• **Recorded information**:
[Start of section]

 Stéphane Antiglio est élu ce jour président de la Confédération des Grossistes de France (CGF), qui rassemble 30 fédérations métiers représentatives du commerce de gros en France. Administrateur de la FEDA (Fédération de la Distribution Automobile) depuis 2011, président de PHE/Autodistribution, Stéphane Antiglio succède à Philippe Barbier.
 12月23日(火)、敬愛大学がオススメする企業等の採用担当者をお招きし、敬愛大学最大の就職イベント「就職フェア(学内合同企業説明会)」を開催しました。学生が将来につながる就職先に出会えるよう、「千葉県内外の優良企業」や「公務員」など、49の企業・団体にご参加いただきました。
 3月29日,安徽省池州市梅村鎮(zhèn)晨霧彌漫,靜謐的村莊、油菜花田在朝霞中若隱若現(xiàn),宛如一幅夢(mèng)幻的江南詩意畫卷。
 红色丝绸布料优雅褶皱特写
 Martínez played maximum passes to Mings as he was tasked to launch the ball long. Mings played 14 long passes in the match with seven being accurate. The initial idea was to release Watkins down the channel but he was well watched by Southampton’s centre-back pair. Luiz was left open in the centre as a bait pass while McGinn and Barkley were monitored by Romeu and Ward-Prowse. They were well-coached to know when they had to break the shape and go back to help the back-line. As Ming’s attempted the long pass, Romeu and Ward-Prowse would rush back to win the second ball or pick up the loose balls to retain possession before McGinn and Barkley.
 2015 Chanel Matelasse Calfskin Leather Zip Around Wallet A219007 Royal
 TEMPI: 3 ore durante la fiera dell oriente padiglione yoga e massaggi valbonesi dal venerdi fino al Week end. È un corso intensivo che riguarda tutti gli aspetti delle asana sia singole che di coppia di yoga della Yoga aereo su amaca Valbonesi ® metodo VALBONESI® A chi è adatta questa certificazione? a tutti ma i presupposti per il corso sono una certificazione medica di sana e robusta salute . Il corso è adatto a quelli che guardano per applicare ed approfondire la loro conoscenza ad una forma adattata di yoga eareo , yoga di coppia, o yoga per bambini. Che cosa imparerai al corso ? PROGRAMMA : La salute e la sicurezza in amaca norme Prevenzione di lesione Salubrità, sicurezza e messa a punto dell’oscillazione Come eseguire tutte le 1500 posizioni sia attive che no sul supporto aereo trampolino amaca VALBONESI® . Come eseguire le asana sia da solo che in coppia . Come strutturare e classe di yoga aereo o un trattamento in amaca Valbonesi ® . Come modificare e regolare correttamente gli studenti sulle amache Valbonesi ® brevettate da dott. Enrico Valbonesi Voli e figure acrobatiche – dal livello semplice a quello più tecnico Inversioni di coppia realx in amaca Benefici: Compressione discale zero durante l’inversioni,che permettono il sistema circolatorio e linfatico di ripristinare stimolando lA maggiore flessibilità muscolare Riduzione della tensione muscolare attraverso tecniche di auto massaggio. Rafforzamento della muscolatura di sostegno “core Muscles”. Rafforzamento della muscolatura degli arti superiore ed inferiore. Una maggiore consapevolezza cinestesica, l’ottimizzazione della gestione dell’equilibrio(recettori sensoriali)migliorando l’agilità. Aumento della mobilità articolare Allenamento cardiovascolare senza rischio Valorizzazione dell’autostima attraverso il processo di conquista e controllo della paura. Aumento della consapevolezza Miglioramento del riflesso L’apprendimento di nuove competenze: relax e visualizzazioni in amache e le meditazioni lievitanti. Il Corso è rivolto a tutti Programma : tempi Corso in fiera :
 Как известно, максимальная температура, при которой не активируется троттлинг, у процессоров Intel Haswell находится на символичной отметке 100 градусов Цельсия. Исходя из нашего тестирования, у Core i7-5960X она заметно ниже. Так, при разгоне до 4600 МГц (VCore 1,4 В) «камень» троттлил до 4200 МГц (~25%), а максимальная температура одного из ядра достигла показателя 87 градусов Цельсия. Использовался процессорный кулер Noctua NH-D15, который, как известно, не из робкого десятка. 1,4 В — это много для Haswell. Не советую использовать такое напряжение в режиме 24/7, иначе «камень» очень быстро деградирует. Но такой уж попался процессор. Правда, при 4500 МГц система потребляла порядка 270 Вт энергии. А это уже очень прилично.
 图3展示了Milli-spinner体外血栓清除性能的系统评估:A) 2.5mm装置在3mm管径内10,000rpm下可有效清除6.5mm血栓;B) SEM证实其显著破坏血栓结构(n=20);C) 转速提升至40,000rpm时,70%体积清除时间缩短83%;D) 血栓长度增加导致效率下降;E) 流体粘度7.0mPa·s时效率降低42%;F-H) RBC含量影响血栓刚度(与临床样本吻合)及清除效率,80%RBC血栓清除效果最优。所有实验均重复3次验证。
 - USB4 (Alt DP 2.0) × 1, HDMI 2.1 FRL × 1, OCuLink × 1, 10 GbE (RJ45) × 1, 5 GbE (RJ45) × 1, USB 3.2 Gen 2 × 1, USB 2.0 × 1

[End of section]

Copy the entire listing exactly. Do not skip a line.

 Stéphane Antiglio est élu ce jour président de la Confédération des Grossistes de France (CGF), qui rassemble 30 fédérations métiers représentatives du commerce de gros en France. Administrateur de la FEDA (Fédération de la Distribution Automobile) depuis 2011, président de PHE/Autodistribution, Stéphane Antiglio succède à Philippe Barbier.
 12月23日(火)、敬愛大学がオススメする企業等の採用担当者をお招きし、敬愛大学最大の就職イベント「就職フェア(学内合同企業説明会)」を開催しました。学生が将来につながる就職先に出会えるよう、「千葉県内外の優良企業」や「公務員」など、49の企業・団体にご参加いただきました。
 3月29日,安徽省池州市梅村鎮(zhèn)晨霧彌漫,靜謐的村莊、油菜花田在朝霞中若隱若現(xiàn),宛如一幅夢(mèng)幻的江南詩意畫卷。
 红色丝绸布料优雅褶皱特写
 Martínez played maximum passes to Mings as he was tasked to launch the ball long. Mings played 14 long passes in the match with seven being accurate. The initial idea was to release Watkins down the channel but he was well watched by Southampton’s centre-back pair. Luiz was left open in the centre as a bait pass while McGinn and Barkley were monitored by Romeu and Ward-Prowse. They were well-coached to know when they had to break the shape and go back to help the back-line. As Ming’s attempted the long pass, Romeu and Ward-Prowse would rush back to win the second ball or pick up the loose balls to retain possession before McGinn and Barkley.
 2015 Chanel Matelasse Calfskin Leather Zip Around Wallet A219007 Royal
 TEMPI: 3 ore durante la fiera dell oriente padiglione yoga e massaggi valbonesi dal venerdi fino al Week end. È un corso intensivo che riguarda tutti gli aspetti delle asana sia singole che di coppia di yoga della Yoga aereo su amaca Valbonesi ® metodo VALBONESI® A chi è adatta questa certificazione? a tutti ma i presupposti per il corso sono una certificazione medica di sana e robusta salute . Il corso è adatto a quelli che guardano per applicare ed approfondire la loro conoscenza ad una forma adattata di yoga eareo , yoga di coppia, o yoga per bambini. Che cosa imparerai al corso ? PROGRAMMA : La salute e la sicurezza in amaca norme Prevenzione di lesione Salubrità, sicurezza e messa a punto dell’oscillazione Come eseguire tutte le 1500 posizioni sia attive che no sul supporto aereo trampolino amaca VALBONESI® . Come eseguire le asana sia da solo che in coppia . Come strutturare e classe di yoga aereo o un trattamento in amaca Valbonesi ® . Come modificare e regolare correttamente gli studenti sulle amache Valbonesi ® brevettate da dott. Enrico Valbonesi Voli e figure acrobatiche – dal livello semplice a quello più tecnico Inversioni di coppia realx in amaca Benefici: Compressione discale zero durante l’inversioni,che permettono il sistema circolatorio e linfatico di ripristinare stimolando lA maggiore flessibilità muscolare Riduzione della tensione muscolare attraverso tecniche di auto massaggio. Rafforzamento della muscolatura di sostegno “core Muscles”. Rafforzamento della muscolatura degli arti superiore ed inferiore. Una maggiore consapevolezza cinestesica, l’ottimizzazione della gestione dell’equilibrio(recettori sensoriali)migliorando l’agilità. Aumento della mobilità articolare Allenamento cardiovascolare senza rischio Valorizzazione dell’autostima attraverso il processo di conquista e controllo della paura. Aumento della consapevolezza Miglioramento del riflesso L’apprendimento di nuove competenze: relax e visualizzazioni in amache e le meditazioni lievitanti. Il Corso è rivolto a tutti Programma : tempi Corso in fiera :
 Как известно, максимальная температура, при которой не активируется троттлинг, у процессоров Intel Haswell находится на символичной отметке 100 градусов Цельсия. Исходя из нашего тестирования, у Core i7-5960X она заметно ниже. Так, при разгоне до 4600 МГц (VCore 1,4 В) «камень» троттлил до 4200 МГц (~25%), а максимальная температура одного из ядра достигла показателя 87 градусов Цельсия. Использовался процессорный кулер Noctua NH-D15, который, как известно, не из робкого десятка. 1,4 В — это много для Haswell. Не советую использовать такое напряжение в режиме 24/7, иначе «камень» очень быстро деградирует. Но такой уж попался процессор. Правда, при 4500 МГц система потребляла порядка 270 Вт энергии. А это уже очень прилично.
 图3展示了Milli-spinner体外血栓清除性能的系统评估:A) 2.5mm装置在3mm管径内10,000rpm下可有效清除6.5mm血栓;B) SEM证实其显著破坏血栓结构(n=20);C) 转速提升至40,000rpm时,70%体积清除时间缩短83%;D) 血栓长度增加导致效率下降;E) 流体粘度7.0mPa·s时效率降低42%;F-H) RBC含量影响血栓刚度(与临床样本吻合)及清除效率,80%RBC血栓清除效果最优。所有实验均重复3次验证。
 - USB4 (Alt DP 2.0) × 1, HDMI 2.1 FRL × 1, OCuLink × 1, 10 GbE (RJ45) × 1, 5 GbE (RJ45) × 1, USB 3.2 Gen 2 × 1, USB 2.0 × 1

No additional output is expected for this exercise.